I cannot help myself, apologies:









Quantum gas goes below absolute zero - Nature


Ultracold atoms pave way for negative-Kelvin materials.




www.nature.com





And the original article it discusses:






Science | AAAS







science.sciencemag.org


----------



## big_adventure (Apr 7, 2021)

Nah, don't worry about it. Quantum physics has explicitly different rules than "normal" newtonian "macro" physics.


----------



## Bolek (Apr 7, 2021)

big_adventure said:


> That's not remotely the same thing. Communication is a protocol where we agree upon certain rules, and, in our tiny world, one of those rules is the shorthand that "damascus" steel means pattern-welded steel. It's completely established now, and we're not going back - "damascus" now means that, in accepted communications.
> 
> When it comes to measuring temperature, all three scales are absolutely valid. 0K = -273.15C = -459.6F. One *degree* C _or_ *K* is the temperature change you get when applying one calorie to one gram of pure water. Using any of them is "OK" - it's just easier to use K when you are doing anything complicated to avoid using negative numbers.

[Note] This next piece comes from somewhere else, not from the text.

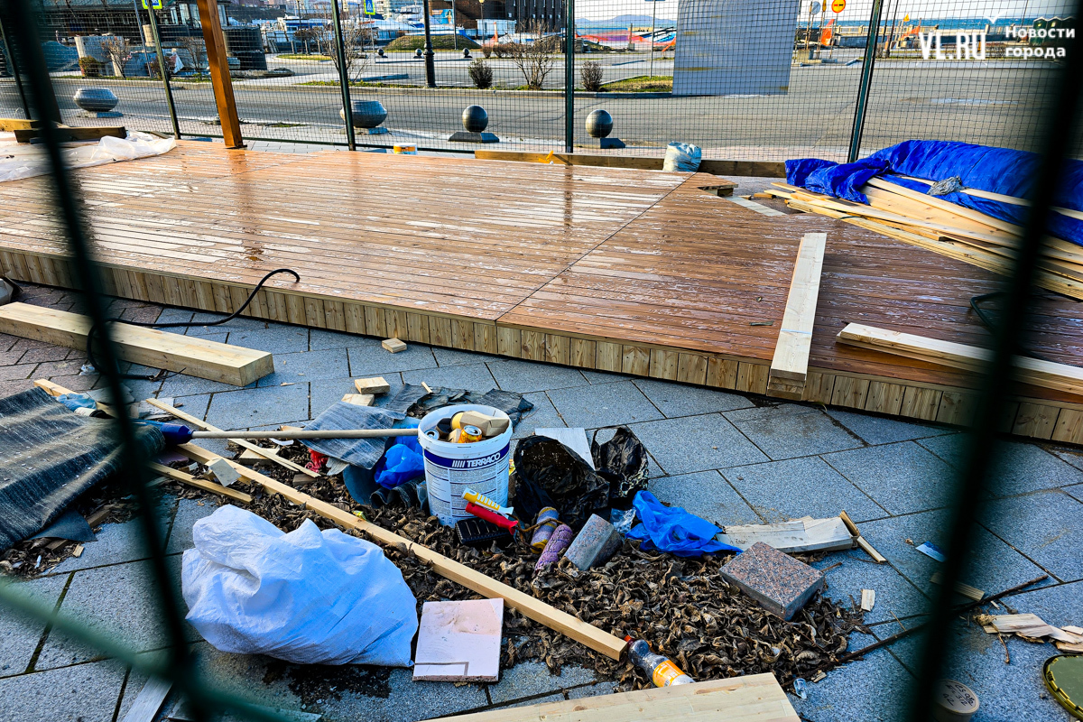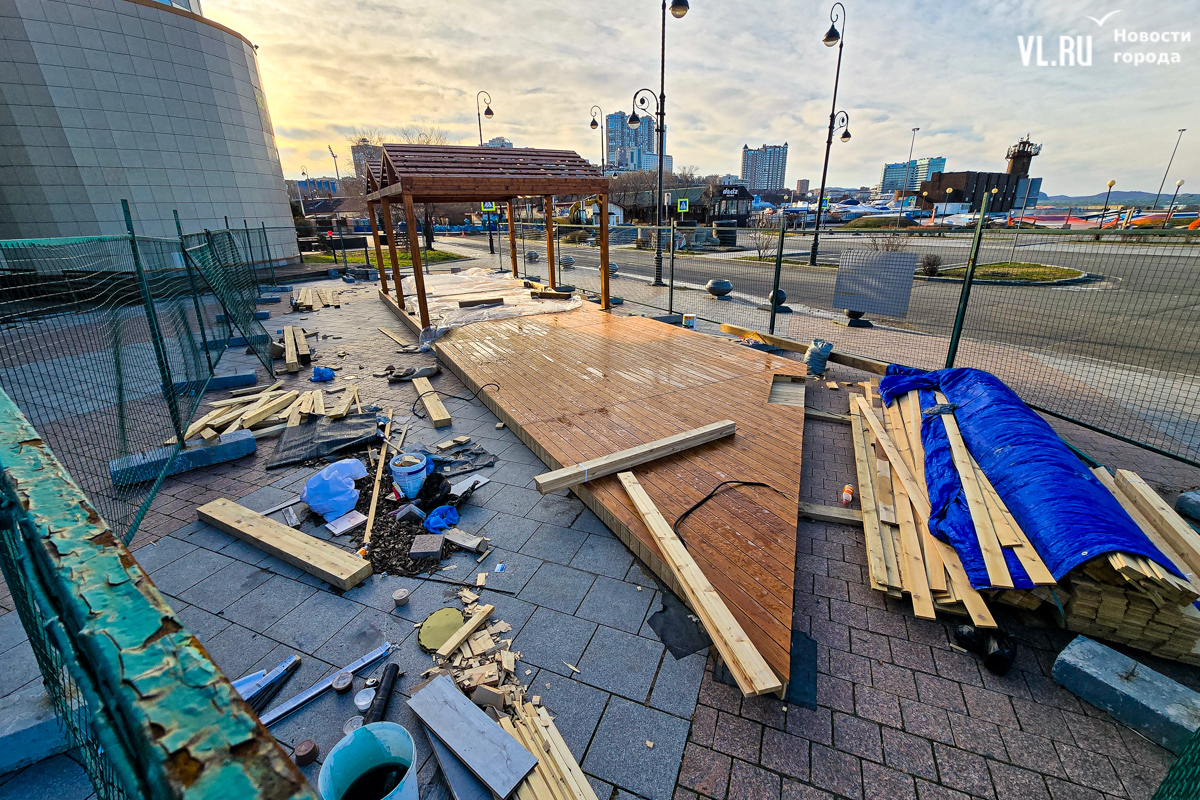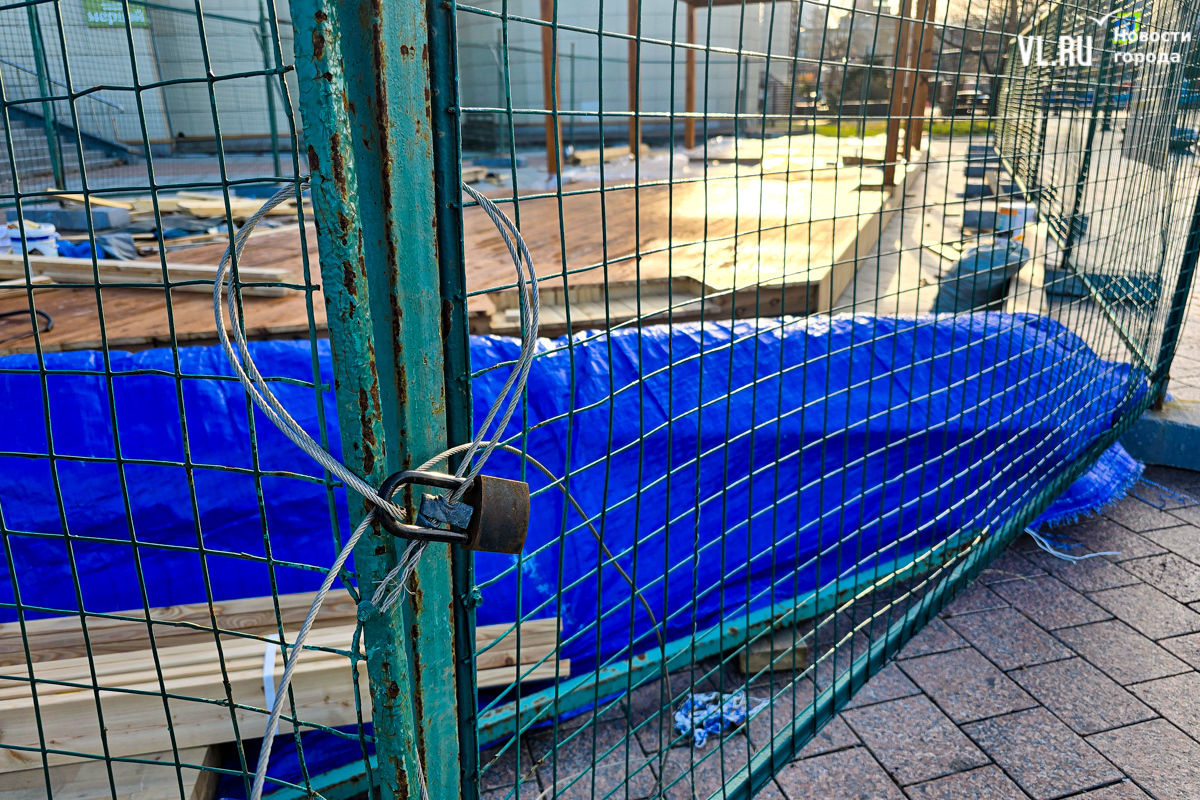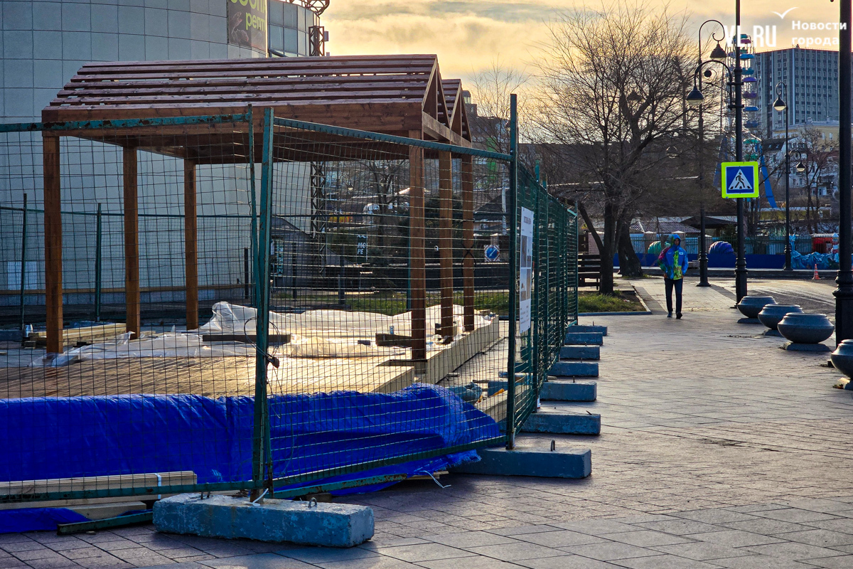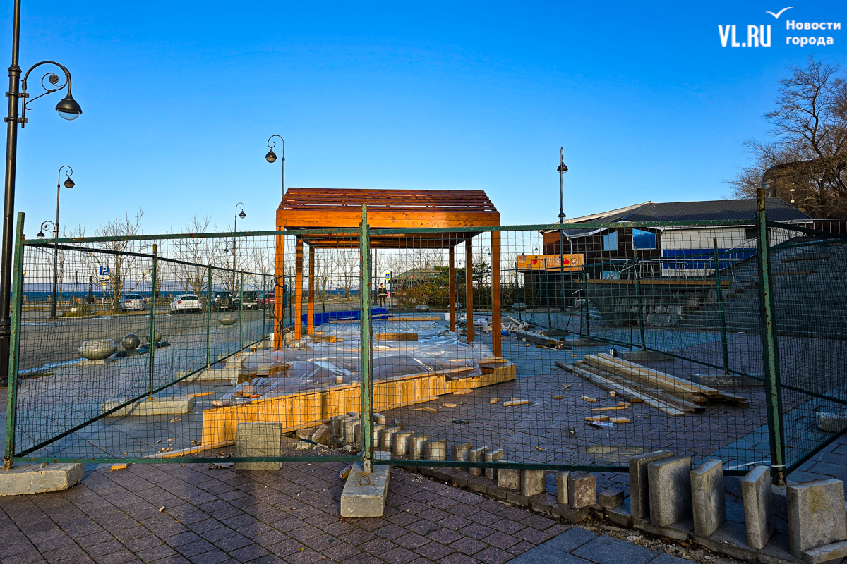 Работы по возведению новой зоны отдыха во Владивостоке, возле океанариума на улице Батарейной, притормозились. Завершить строительство должны были до конца октября, однако территория до сих пор огорожена. За забором можно увидеть только деревянный настил и навесы, а также брошенные строителями личные вещи. Самих строителей давно уже не видно. Как сообщили в ДОМ.РФ, за чей счёт создаётся общественное пространство, срок сдачи объекта перенесли на декабрь.

There is no such a think as a degree K (only a K).


----------



## cotedupy (Apr 7, 2021)

big_adventure said:


> That's not remotely the same thing. Communication is a protocol where we agree upon certain rules, and, in our tiny world, one of those rules is the shorthand that "damascus" steel means pattern-welded steel. It's completely established now, and we're not going back - "damascus" now means that, in accepted communications.
> 
> When it comes to measuring temperature, all three scales are absolutely valid. 0K = -273.15C = -459.6F. One degree C _or_ K is the temperature change you get when applying one calorie to one gram of pure water. Using any of them is "OK" - it's just easier to use K when you are doing anything complicated to avoid using negative numbers.



I think Victor might have been being a little flip there!


----------



## big_adventure (Apr 7, 2021)

Bolek said:


> There is no such a think as a degree K (only a K).



So, what you are saying is...

...literally exactly what I wrote.


----------



## VICTOR J CREAZZI (Apr 7, 2021)

big_adventure said:


> That's not remotely the same thing. Communication is a protocol where we agree upon certain rules, and, in our tiny world, one of those rules is the shorthand that "damascus" steel means pattern-welded steel. It's completely established now, and we're not going back - "damascus" now means that, in accepted communications.
> 
> When it comes to measuring temperature, all three scales are absolutely valid. 0K = -273.15C = -459.6F. One degree C _or_ K is the temperature change you get when applying one calorie to one gram of pure water. Using any of them is "OK" - it's just easier to use K when you are doing anything complicated to avoid using negative numbers.





cotedupy said:


> I think Victor might have been being a little flip there!


I'm just saying that convention has weight. If the majority of metallurgy literature is in Celsius, or Fahrenheit, the majority of the people using the materials are going to keep using those systems. Maybe I'm reading the wrong material, but I'm pretty sure that I've never seen Kelvin used in the metallurgy books that I read.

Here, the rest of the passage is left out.